We spent Thursday visiting the small town of Sderot, located 10 kilometers (6 miles) outside of Gaza. It is a purely civilian town, no military camps or bases. The night before our visit, five Qassam rockets exploded in the town right next to them. To date, more than 200 rockets have fallen since January.

This is part of the collection of Qassam rockets that have hit the town. They are made out of irrigation pipes left for the Gaza residents when Israel pulled out of Gaza earlier this decade. When Israel left, the land was green and flourishing. Now its an arid semi-desert. Instead of growing crops, Hamas tore out irrigation pipes to convert into weapons. Instead of building homes and schools, Hamas uses the cement to create nozzles for their rockets. The rockets are a simple design, steel pipe filled with shrapnel. They are launched into civilian areas of Sderot and surrounding towns.

The entire day I kept asking myself, “Why would anyone want to live here?” But I realized the answer is same to this question, “Why do people live in New York after 9/11?” Sadly, the citizens of Sderot have adapted to the attacks. They have the highest per capita number of bomb shelters than any other community in the world. When the sirens sound, people have 15 seconds to take cover.

This giant snake figure is actually a creatively designed bomb shelter. The walls are designed to withstand a direct hit. This shelter is in the main play ground of a park in Sderot.

Other shelters feature murals from artists around the country and community, most of these shelters will not withstand a direct hit and are intended to protect from shrapnel.

The reinforced cement shielding at this elementary school costs more than the school itself. From what we were told, the community was unable to afford protecting the entire school. When the children hear the sirens, they have 15 seconds to make it to the protected area.
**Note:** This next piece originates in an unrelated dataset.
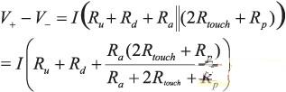 阻性屏幕中的兩點(diǎn)觸摸檢測(cè)模型如圖 2 所示。Rtouch為層間的接觸電阻;在現(xiàn)有的大多數(shù)屏幕中,其數(shù)量級(jí)一般與兩層的電阻相同。如果有一個(gè)恒定的電流I流經(jīng)有源層的兩端,則有源層上的電壓為:

A former resident told us this story, “A child was asked by her teacher, ‘why do snails have shells?’ The child replied, ‘to protect from the rockets.’”

When Israel left Gaza, they left them the infrastructure to succeed; to grow crops, to purify water, to be self sufficient. Only when they began dismantling that infrastructure to physically attack the people of Israel did Israel start banning the shipment of materials used to create those weapons from entering Gaza. Even now, Israel delivers almost a million tons of supplies to Gaza each year. In the first quarter of 2010 alone (January-March), Israel delivered 94,500 tons of supplies to Gaza:

  • 40,000 tons of wheat—which is equal to 53 million loaves of bread;
  • 2,760 tons of rice—which equals 69 million servings;
  • 1,987 tons of clothes and footwear—the equivalent weight of 3.6 million pairs of jeans; and
  • 553 tons of milk powder and baby food—equivalent to over 3.1 million days of formula for an average six-month-old baby.
  • During the Muslim holy days of Ramadan and Eid al-Adha, Israel shipped 11,000 cows into Gaza—enough to provide 8.8 million meals of beef;
  • More than 3,000 tons of hypochlorite were delivered by Israel to Gaza for water purification purpose—that’s 60 billion gallons of purified water; and
  • Israel brought some 4,883 tons of medical equipment and medicine into Gaza—a weight equivalent to over 360,000 260-piece mobile trauma first aid kits.
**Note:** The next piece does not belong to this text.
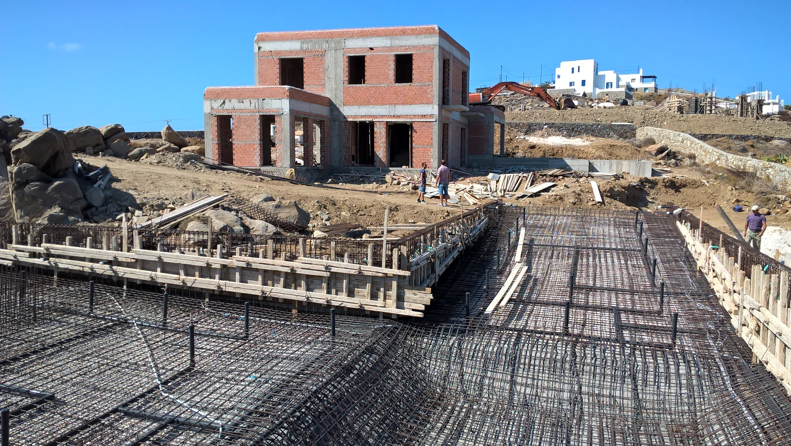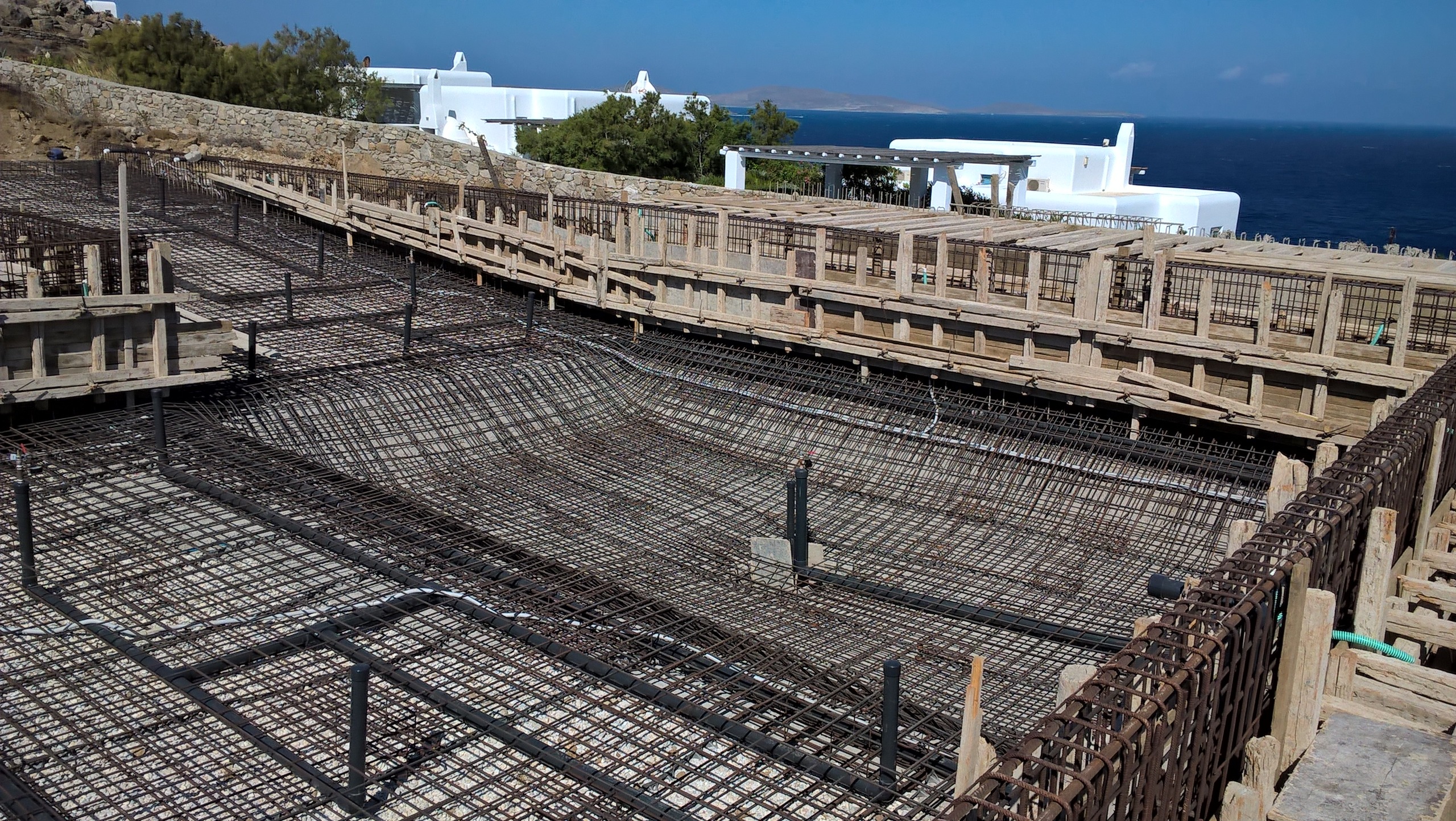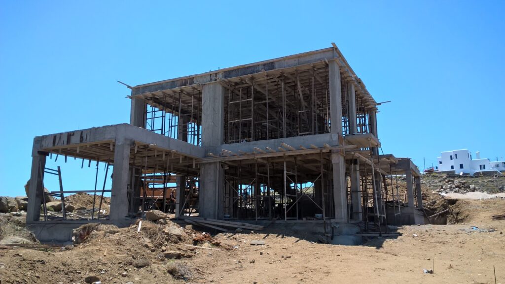Η μελέτη αφορά την ανέγερση α) νέας διόροφης εξοχικής κατοικίας με Ισόγειο και περιορισμένης κατόψεως Α’ όροφο (δεν υπάρχουν υπόγειοι χώροι) και β) συγκροτήματος κολυμβητικής δεξαμενής μετά δεξαμενής υπερχείλισης, δεξαμενής ύδατος, δεξαμενής ομβρίων και μηχανοστασίου. Η κατοικία με τα παρακολούθηματά της κατασκευάστηκε στην θέση “Αλεομάνδρα» της νήσου Μυκόνου. Ο Φέρων Οργανισμός της είναι από οπλισμένο σκυρόδεμα. Το συγκρότημα της κολυμβητικής δεξαμενής, της δεξαμενής υπερχείλισης, της δεξαμενής ύδατος, της δεξαμενής ομβρίων και του μηχανοστασίου, χωρίζεται απο το κυρίως κτίριο της οικίας και αποτελεί ενιαίο φορέα, στατικά ανεξάρτητο από αυτήν.

I agree that life in the Gaza Strip is not great. Bad things have, and continue to, happen there. But keep in mind that their government is a terrorist organization, specifically targeting civilians. Hamas has made the country what it is today. The former beach and agriculture paradise is now a wasteland.

The United States wants to build a wall across the US-Mexico border to prevent immigrants from entering the country to work. Israel is trashed in the media every day for building a wall (most of which is chain-link fence) across the West Bank and Gaza borders to protect from gun fire, suicide bombers and other acts of terrorism.

If a hostile country launched a single rocket on to American soil—at a school, a playground, your neighbor’s house, your house—what would you do? What would you demand your government do?